> [Work request]: Set down only these lines, exactly: the line containing "SUKPSY 4pcs Plastic" and all lines through the end of the data below. Omit pictures.

> [Data section]:
____________________

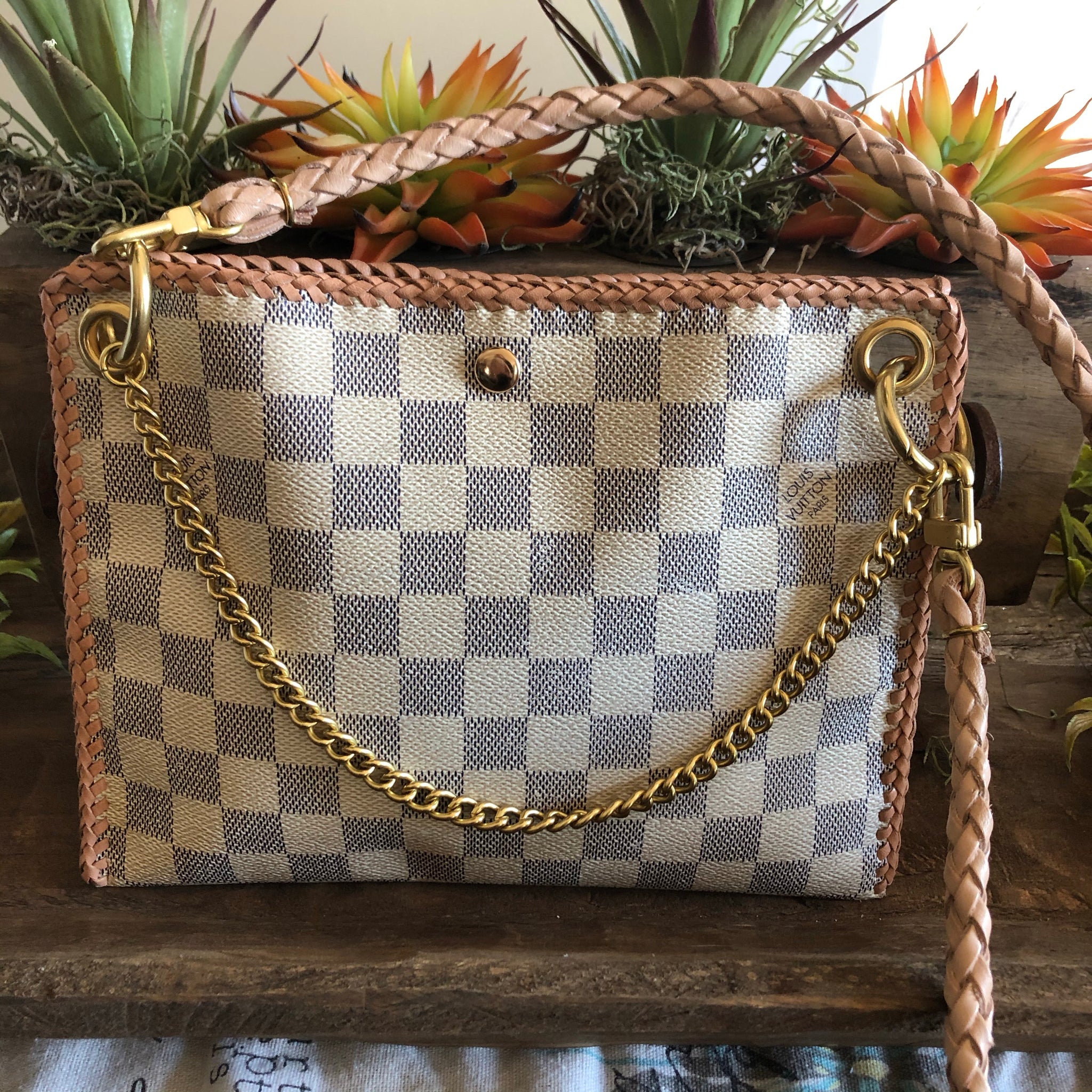 This small crossbody bag has STYLE! It was created from an authentic Louis Vuitton Damier Azur Speedy bag, and was fashioned into this fun crossbody! It's got enough room for just the right amount of things, coming in at 9" wide by 7" tall.
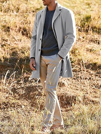 Elegant men's trench coat, single-breasted, with lapel and two side pockets, streamlined back, long regular fit, long sleeves. Men's winter coat for casual wear, business, dating and parties.
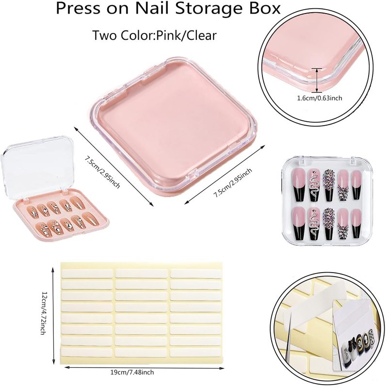 SUKPSY 4pcs Plastic Press on Nail Storage Box with Adhesive Double Sided Tape Fake Nail Display Storage Box Acrylic Nail Packaging Box for Nail Salon Home Storage Supplies(Pink/Clear)
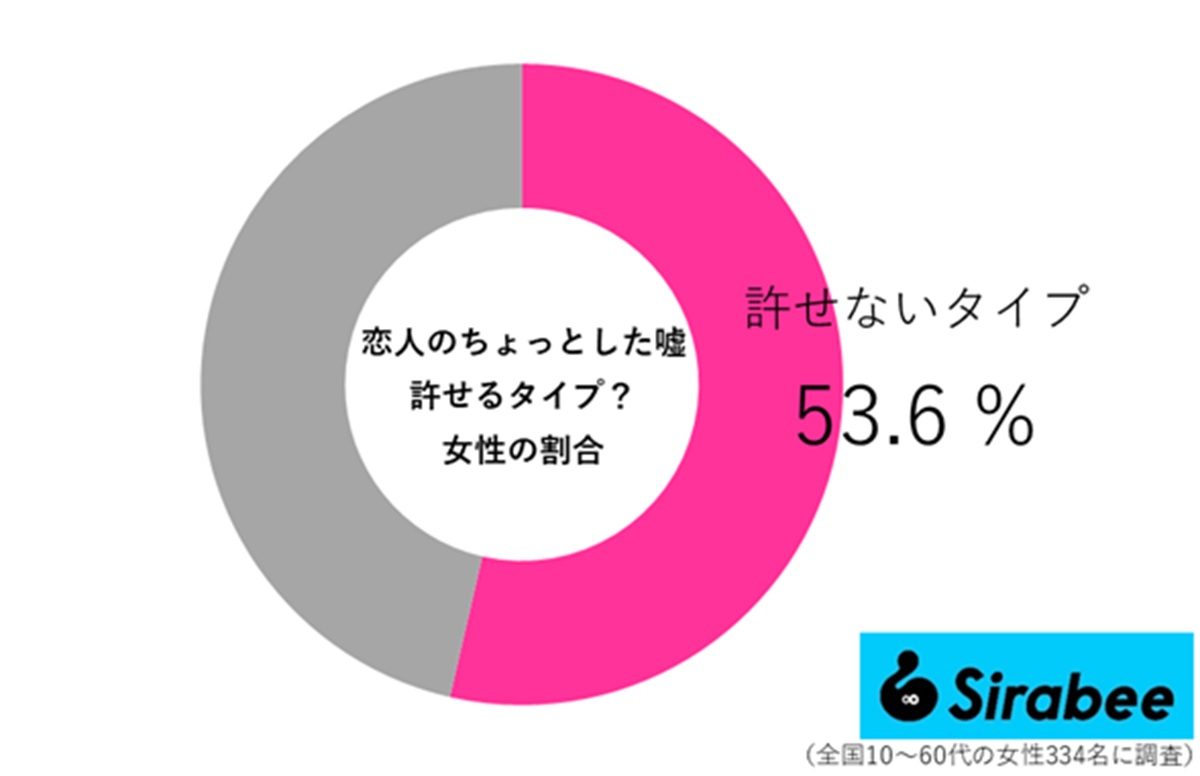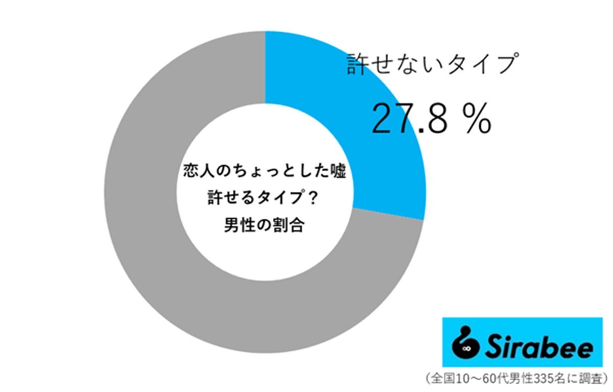 まずは、Sirabee編集部が「恋人のちょっとした嘘、許せるか」について、アンケート調査を実施。すると、男女669人の回答を得ることができ、男性27.8%女性53.6%が「許せないタイプ」と回答しました。

____________________

> [Solution for this exercise]:
 SUKPSY 4pcs Plastic Press on Nail Storage Box with Adhesive Double Sided Tape Fake Nail Display Storage Box Acrylic Nail Packaging Box for Nail Salon Home Storage Supplies(Pink/Clear)
 まずは、Sirabee編集部が「恋人のちょっとした嘘、許せるか」について、アンケート調査を実施。すると、男女669人の回答を得ることができ、男性27.8%女性53.6%が「許せないタイプ」と回答しました。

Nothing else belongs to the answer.